Are We Ready for Cilantro Cake?

Ready or not, this bakery is turning people’s cake dreams (or nightmares) into reality.
Koh Ewe
Baker's Brew Studio, a bakery in Singapore, introduces coriander cake and cupcakes.
The latest confectionery creation of one bakery in Singapore? Cilantro cake. Collage: VICE / Images: Courtesy of Baker's Brew Studio

There’s no herb as polarizing as cilantro. Also known as coriander, some love the distinctive freshness it brings to dishes, while others absolutely despise its “soapy” crunch. 

And those who fall into the latter category can get very passionate about their shared distaste for it, forming huge online communities and establishing annual declarations of hatred for the herb. 


In Singapore, one bakery is putting people’s love for cilantro to the ultimate test by baking perfectly iced cakes with a generous serving of the green herb.

Founded in 2015, Baker’s Brew Studio is more known for its conventional desserts like brownies and cakes. But last week, it polarized the online crowd with a series of cilantro-themed cakes posted on its Facebook page.

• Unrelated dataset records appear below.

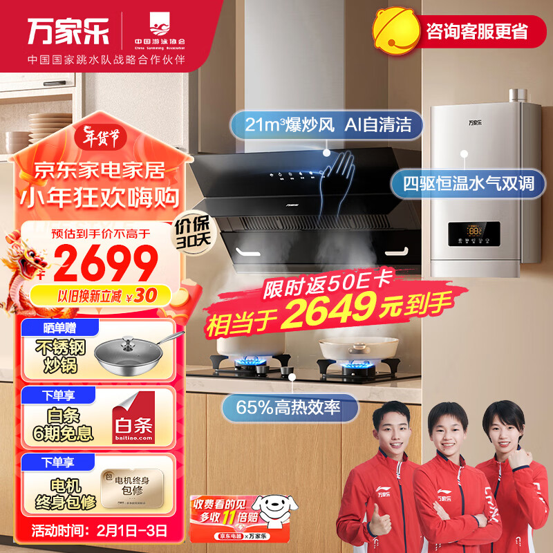 万家乐 抽油烟机侧吸自清洗21m3/min大吸力 5.0kW大火力燃气灶16升热水器三件套AJ4+KV061B+16LD5天然气价格:2899.00元!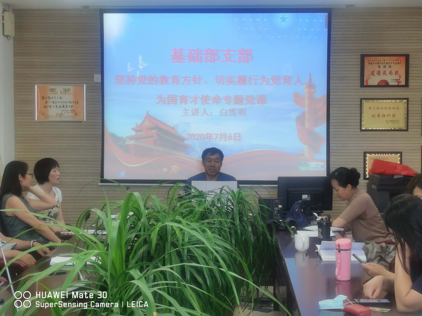 为全面贯彻党的教育方针,落实立德树人根本任务,继续扎实推进“不忘初心、牢记使命”主题教育往深里走。7月6日下午,基础部支部书记白雪明在教研楼401会议室为基础部全体党员、教师做题为“坚持党的教育方针、切实履行为党育人、为国育才专题教育党课”。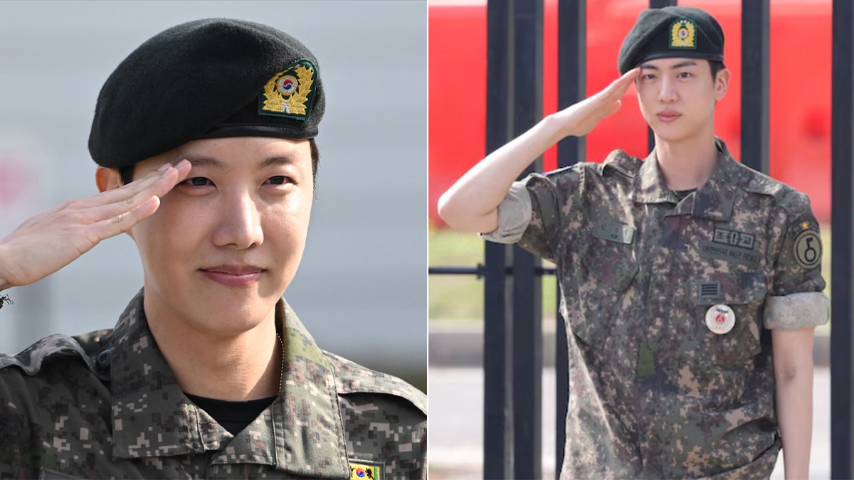 While the members weren’t able to gather in full to usher j-hope back to civilian life, Jin was on site during the discharge to help his bandmate greet the press.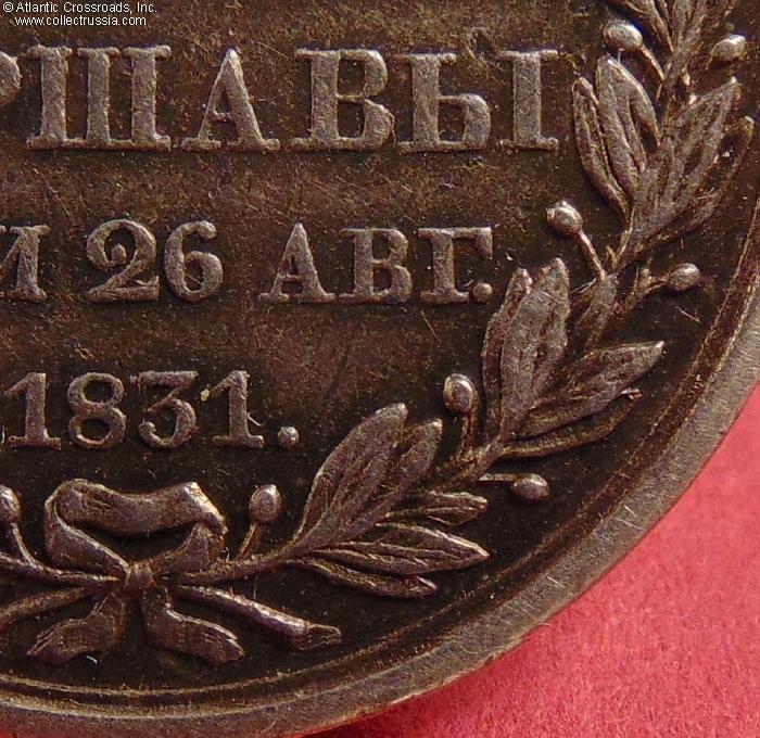 The medal was awarded to all Russian troops as well as chaplains and medical personnel who participated in the storming of Warsaw. The battle that took place on 25-26 August 1831 (according to the old-style Julian calendar) concluded the campaign to crush the Poles unhappy with the new borders drawn by the Congress of Vienna and seeking a republican form of government. After the suppression of the rebellion, Russian authorities implemented harsh measures aimed at further incorporating Poland into the Russian Empire. During the same year Polish orders of the White Eagle and of St. Stanislaus were permanently brought into the system of Russian awards.

One such cake is topped with a daintily bowed bouquet of cilantro, while another is outlined by a wreath of cilantro with space in the center for icing messages. There are also cupcakes garnished with cilantro.

Reactions on social media were a fair mix of cilantro enthusiasts and absolutely appalled pearl clutchers. While there were lots of green-faced vomiting emojis in the comments, some stood up fiercely for the tangy green plant—all to be expected for playing with the fire that is the notoriously polarizing herb.

Emma Lim, the bakery’s marketing manager, told VICE that the cakes were the result of unexpectedly palatable success with a hilarious joke.

“The coriander cake was actually designed for a colleague’s birthday,” Lim said. “She really loves coriander and swears by it for all her hot pot meals.”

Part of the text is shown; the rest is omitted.